引っ越しの日に、想うこと

夫の転勤が決まってから、あっという間の一ヶ月でした。

新しい街での住居探し、諸々の手続き、段ボールの梱包をしているうちに、引っ越し当日を迎えてしまいました。

仕事の都合で、先に夫は移動してしまい、引っ越しの立ち会いは私ひとり。

段ボールを積み上げ、動かせる家具を一か所にまとめ、あとは引っ越し業者が到着するのを待つだけとなりました。

時間が少し余ってしまったので、お世話になったこの部屋を、最後に綺麗に磨くことにします。

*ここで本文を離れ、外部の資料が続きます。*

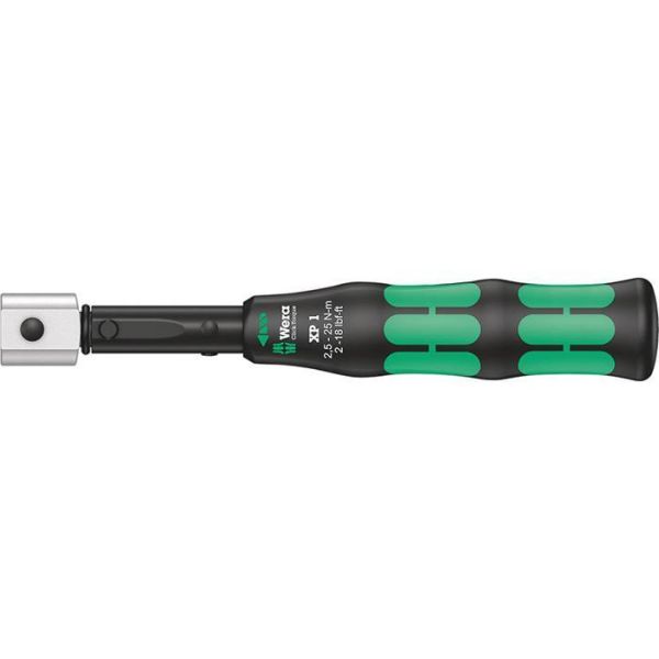 Wera Click-Torque XP 1 er en momentnøkkel for innsatsverktøy med en forhåndsinnstilt momentverdi på 2,5 Nm. Forhåndsinnstilt moment for alle anvendelser der konstant og repeterbart moment kreves. Momentverdien kan endres i måleområdet. Den robuste utløsermekaniken gir et tydelig hørbart og taktilt signal når innstilt moment oppnås. Leveres med holder for innsatsverktøy med utvendig firkant på 9 x 12 mm.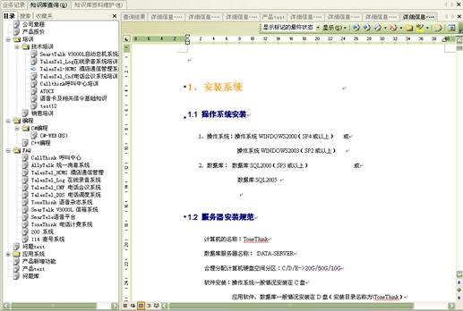 業(yè)務(wù)知識(shí)庫(kù)系統(tǒng)包括大量的信息,它可以幫助坐席人員精確、及時(shí)地得到相關(guān)知識(shí)的詳細(xì)信息。坐席人員可以利用業(yè)務(wù)知識(shí)庫(kù)系統(tǒng)提供的多種查詢(xún)手段,進(jìn)行各種信息的查詢(xún)。管理人員還可以通過(guò)知識(shí)庫(kù)訪問(wèn)量統(tǒng)計(jì)來(lái)了解座席員訪問(wèn)知識(shí)庫(kù)的情況,并且可以通過(guò)知識(shí)庫(kù)資料維護(hù)來(lái)靈活定制知識(shí)庫(kù)的內(nèi)容。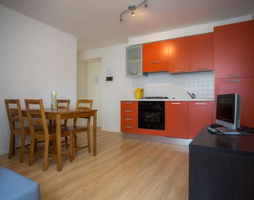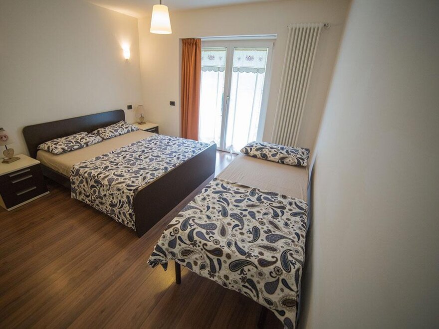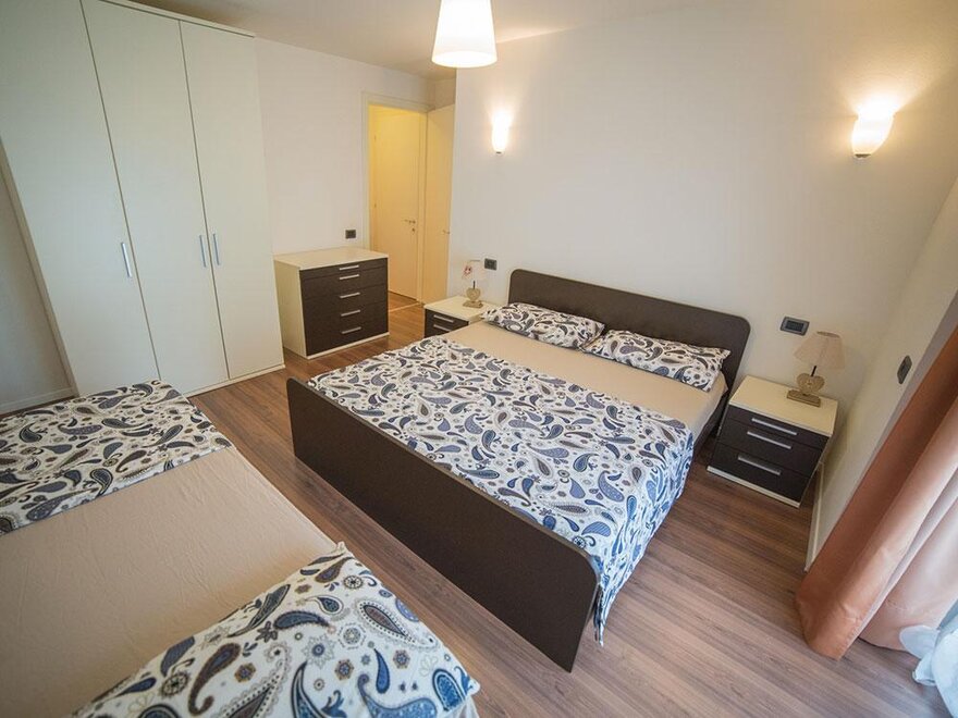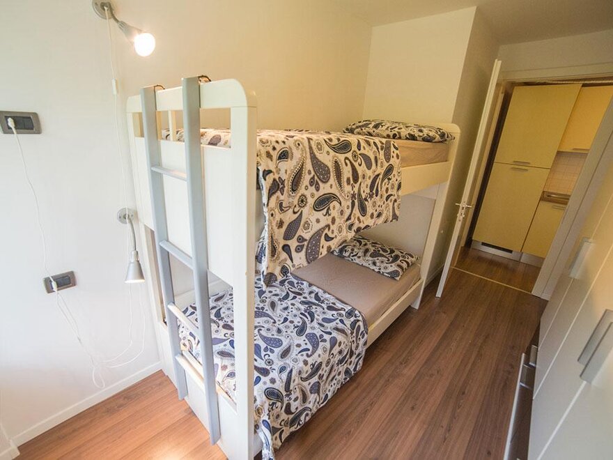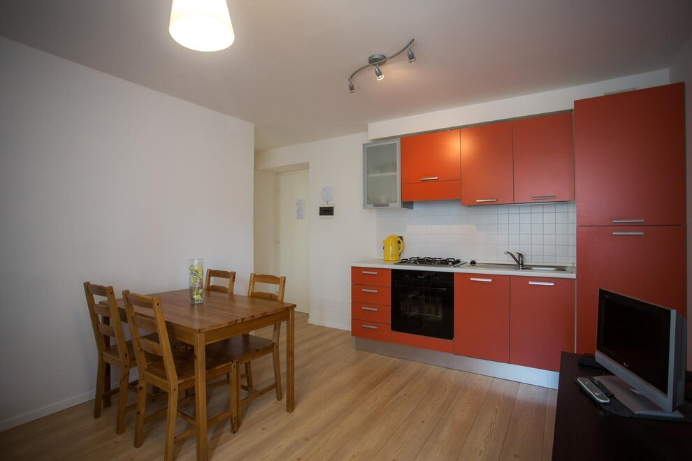 Die Wohnung befindet sich im dritten Stock und besteht aus 2 Schlafzimmern, einem Wohnzimmer mit Küche und einem Badezimmer, insgesamt für 6 Schlafplätze.

結婚してすぐに入居した、このアパート。夫とふたりで、「夫婦」としてスタートした場所でした。

付き合っていた頃よりも、楽しい日々がありました。

付き合っていた頃にはなかった、些細なことでの衝突もありました。

一緒に大笑いしたこともあれば、怒りをぶつけあって何日も無言のまま過ごしたことも。

かたく絞った雑巾で床を丁寧に磨きながら、めまぐるしく過ぎて行った時間を思い出していました。

寝室のドアにある小さな傷は、新しくベッドを買った時に、部屋の中の配置で意見が分かれて何度も模様替えをしながらうっかりぶつけてしまった時のもの。

これ以上部屋に傷を増やさないようにと、結局夫が折れて、私の好きなレイアウトに決めさせてくれたんだっけ。

キッチンの床にあるへこみは、料理にまだ慣れなかった私が、鍋を落っことしてしまった時のもの。

あの頃に比べたら、料理のレパートリーもずいぶん増えたものです。

そんな風に、積み重ねてきた毎日を慈しみながら、これから先向かう新しい街でも、暮らしを続けていくのです。

引っ越し業者に荷物を引き渡し、からっぽになった部屋に深々とお辞儀をしてみました。

沢山の思い出をありがとう。

次にこの部屋に住む誰かの暮らしも、あたたかく、鮮やかなものでありますように。